Tolliver leapt to his feet. Now his voice was almost as loud as Cranford’s. “If you please, District Commissioner. Your assumptions about Mrs. Buxton and me are entirely wrong. There is no pillow talk. In fact, there is no pillow anything between Mrs. Buxton and me. I resent…” His voice trailed off. He took several breaths and sat back down. “I apologize, sir. Last week, in her grief over Pennyman’s death, and in her cups, Mrs. Buxton lost control and tried to … Whatever she thought, I was not her man. I am not her man. Please let me tell you what she suggests.”

“Very well, but I don’t see how it could possibly change my mind.”

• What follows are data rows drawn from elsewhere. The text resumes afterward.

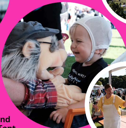
Kids Zone and Workshops Tent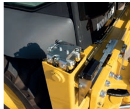
Anti-burst valves for stabilizers, boom and arm (Standard)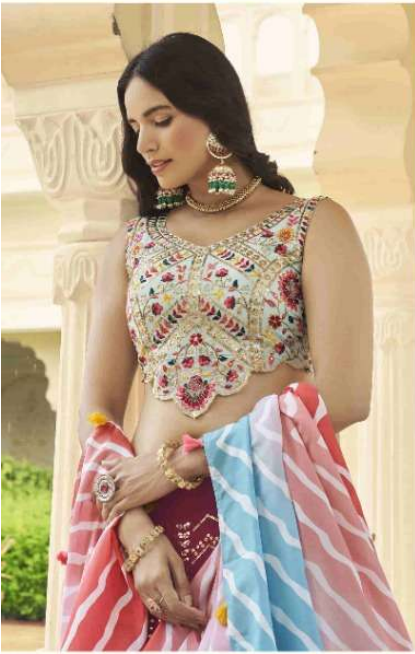
extreme beauty of delicacy 2194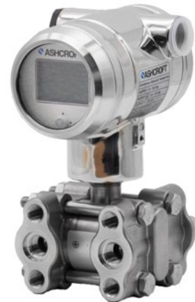
Differential Platinum Series DP55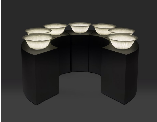
Palden Weinreb, Offerings , 2014, Wax, LED lights, wood, courtesy of the artist, Image courtesy of Palden Weinreb

mutable objects of the atmosphere. For Shrine Room Projects , Devasher presents a new two-channel video, 300 Km or the Apparent Path of the Sun (2020), filmed at one of the longest-operating solar observatories in India. The video shows the trajectory of the sun across the metal plate of the partially disabled Spectroheliograph, a device used to photograph the surface of the sun. The resulting image appears to show the sun orbiting the earth instead of the earth moving around the sun, over the course of ten minutes. In this mesmerizing video, which includes subtitles of a meditation on the sun by amateur astronomer Raj Shekar, Devasher dives into the philosophical dimension of the relativity of human perception and inspires the viewer to think about time, space, and movement in new ways.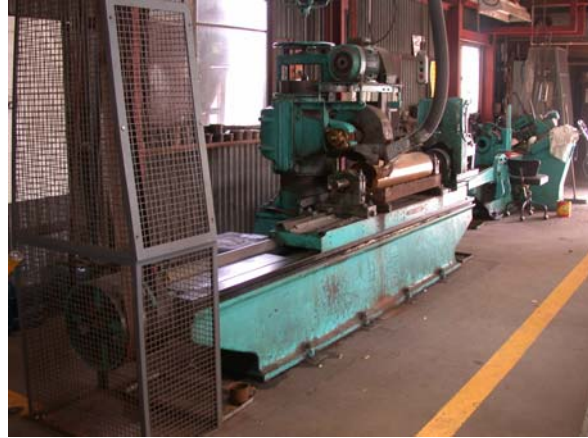
Figure 4.8 One of the two lathes set up specifically for cutting and grooving the mill rollers.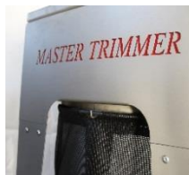
9 Attached bag.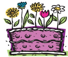
Birthdays this month!

Tolliver went on to say something that seemed not to impress Cranford at all, but impressed Libazo very much—that Mr. Buxton might have paid someone to kill the Scottish doctor. This was an idea entirely new to Kwai Libazo. Would anyone accept money to kill a person? Certainly he knew that people had killed others to rob their money. The first case he had worked on with Tolliver, six months ago, when Inspector Tolliver had been new to the force, had involved such a thing. Also, the Kikuyu and Maasai killed each other in wars to steal cattle. And tribesmen had been known to kill members of their own tribes in rages. But would someone do it to be paid?

“I’m not having any of it.” The district commissioner sounded like a roaring lion.

“But, sir—”

“No, Captain. The entire idea is preposterous. I’ve known Kirk Buxton for years. He is a banker, not a member of some secret Chinese killing society. Besides, except for a talent for bridge, the man is practically an idiot. He doesn’t have the capacity to organize such an endeavor.”

“Now, sir, really. He is the manager of one of the largest banks in Nairobi. Surely if he can run a bank—”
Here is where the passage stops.